Top of Record set
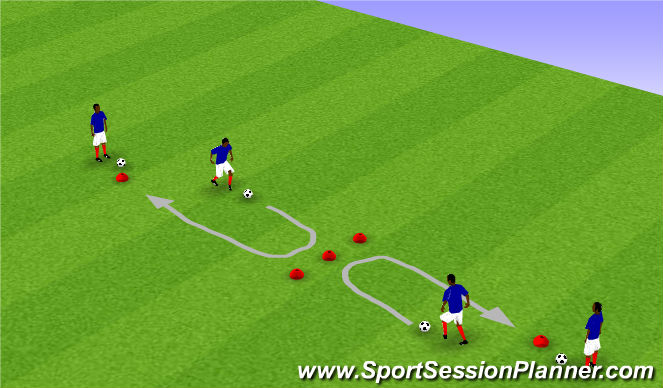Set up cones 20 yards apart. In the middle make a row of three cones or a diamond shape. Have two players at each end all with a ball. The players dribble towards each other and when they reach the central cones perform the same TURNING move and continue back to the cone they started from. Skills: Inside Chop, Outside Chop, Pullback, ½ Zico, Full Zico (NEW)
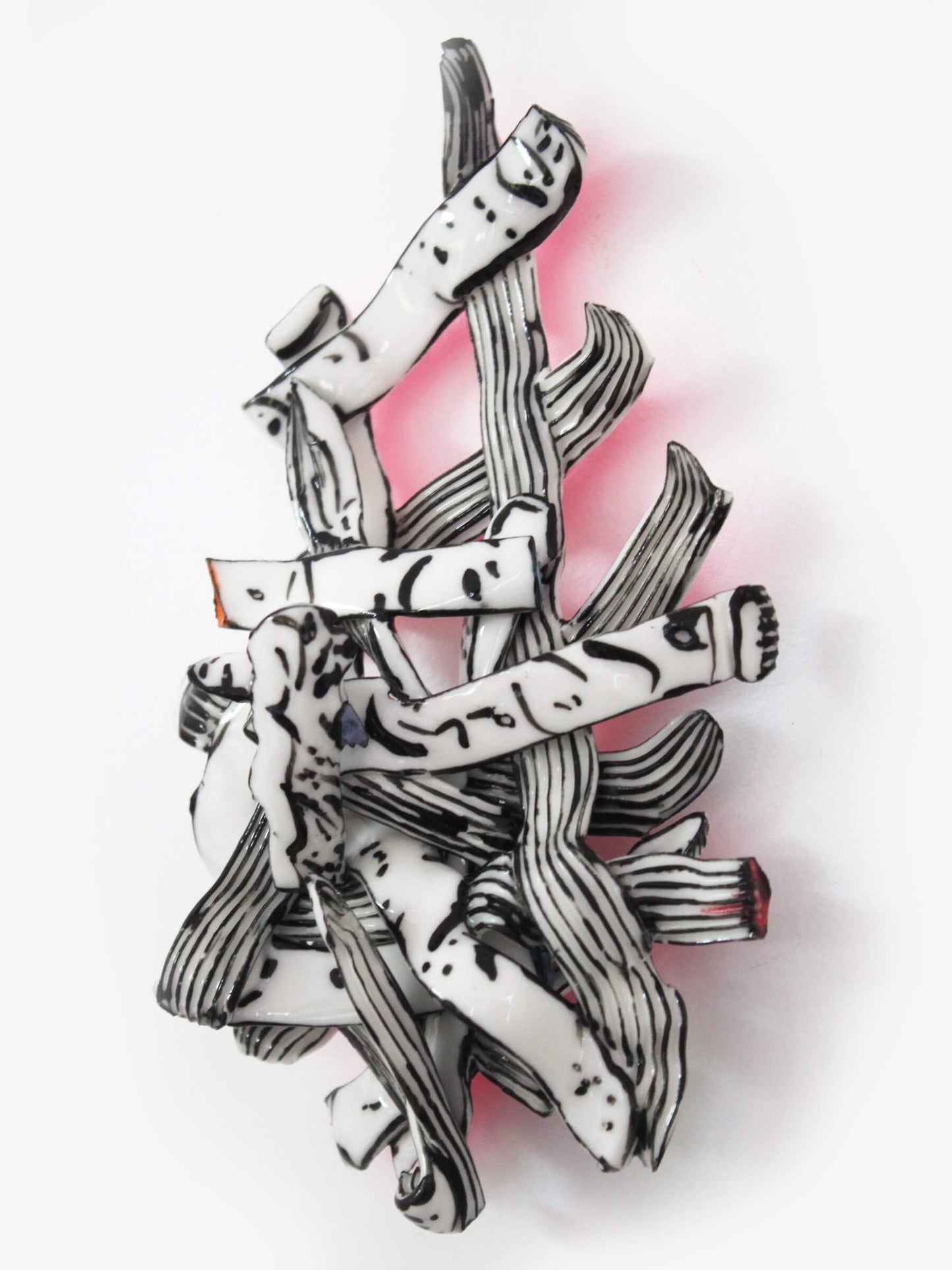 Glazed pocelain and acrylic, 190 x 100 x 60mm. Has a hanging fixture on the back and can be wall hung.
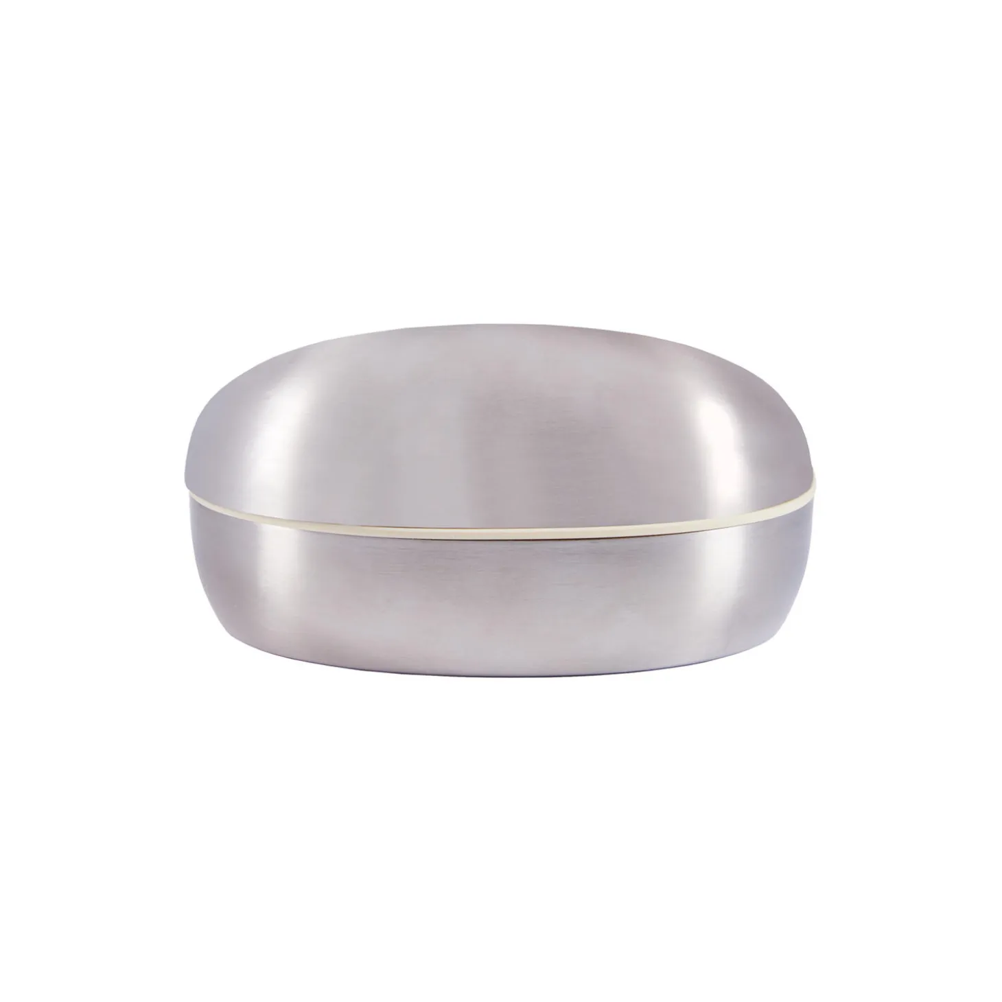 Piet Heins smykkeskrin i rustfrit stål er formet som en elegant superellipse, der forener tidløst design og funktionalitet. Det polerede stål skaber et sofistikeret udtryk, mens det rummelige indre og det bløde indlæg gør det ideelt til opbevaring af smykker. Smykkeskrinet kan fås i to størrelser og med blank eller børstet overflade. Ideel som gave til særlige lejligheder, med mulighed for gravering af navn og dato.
Bottom of Record set
Top of Record set
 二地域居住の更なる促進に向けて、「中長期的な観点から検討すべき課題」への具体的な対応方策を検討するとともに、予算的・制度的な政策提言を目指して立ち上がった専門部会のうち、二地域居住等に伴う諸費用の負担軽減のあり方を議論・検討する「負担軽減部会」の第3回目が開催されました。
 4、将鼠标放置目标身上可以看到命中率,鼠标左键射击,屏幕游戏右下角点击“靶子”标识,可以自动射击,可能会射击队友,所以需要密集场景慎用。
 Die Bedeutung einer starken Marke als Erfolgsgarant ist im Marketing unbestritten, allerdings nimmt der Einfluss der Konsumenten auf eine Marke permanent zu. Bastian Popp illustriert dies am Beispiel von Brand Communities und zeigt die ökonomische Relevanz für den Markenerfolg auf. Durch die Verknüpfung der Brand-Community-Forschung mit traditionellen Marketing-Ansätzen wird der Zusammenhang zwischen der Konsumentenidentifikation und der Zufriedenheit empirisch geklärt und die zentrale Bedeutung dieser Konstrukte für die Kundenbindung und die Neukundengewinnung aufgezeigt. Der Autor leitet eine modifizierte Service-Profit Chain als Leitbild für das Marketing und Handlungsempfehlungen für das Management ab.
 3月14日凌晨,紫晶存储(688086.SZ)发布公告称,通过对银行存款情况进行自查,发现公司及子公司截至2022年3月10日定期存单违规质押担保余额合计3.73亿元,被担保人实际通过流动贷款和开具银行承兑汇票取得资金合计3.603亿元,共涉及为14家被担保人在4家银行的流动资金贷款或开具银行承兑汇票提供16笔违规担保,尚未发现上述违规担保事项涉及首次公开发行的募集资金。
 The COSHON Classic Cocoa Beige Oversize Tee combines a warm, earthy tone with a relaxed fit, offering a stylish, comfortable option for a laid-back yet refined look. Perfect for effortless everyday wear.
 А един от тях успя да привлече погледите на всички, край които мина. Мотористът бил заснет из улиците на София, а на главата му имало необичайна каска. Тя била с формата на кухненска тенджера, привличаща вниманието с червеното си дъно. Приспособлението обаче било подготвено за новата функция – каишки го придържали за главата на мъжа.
Bottom of Record set
§ **What is needed**
In the entries above, every line from the line with "Set up cones" to the line with "Piet Heins smykkeskrin" is to be printed exactly, with both ends included and pictures excluded.

§ **Task response**
Set up cones 20 yards apart. In the middle make a row of three cones or a diamond shape. Have two players at each end all with a ball. The players dribble towards each other and when they reach the central cones perform the same TURNING move and continue back to the cone they started from. Skills: Inside Chop, Outside Chop, Pullback, ½ Zico, Full Zico (NEW)
 Glazed pocelain and acrylic, 190 x 100 x 60mm. Has a hanging fixture on the back and can be wall hung.
 Piet Heins smykkeskrin i rustfrit stål er formet som en elegant superellipse, der forener tidløst design og funktionalitet. Det polerede stål skaber et sofistikeret udtryk, mens det rummelige indre og det bløde indlæg gør det ideelt til opbevaring af smykker. Smykkeskrinet kan fås i to størrelser og med blank eller børstet overflade. Ideel som gave til særlige lejligheder, med mulighed for gravering af navn og dato.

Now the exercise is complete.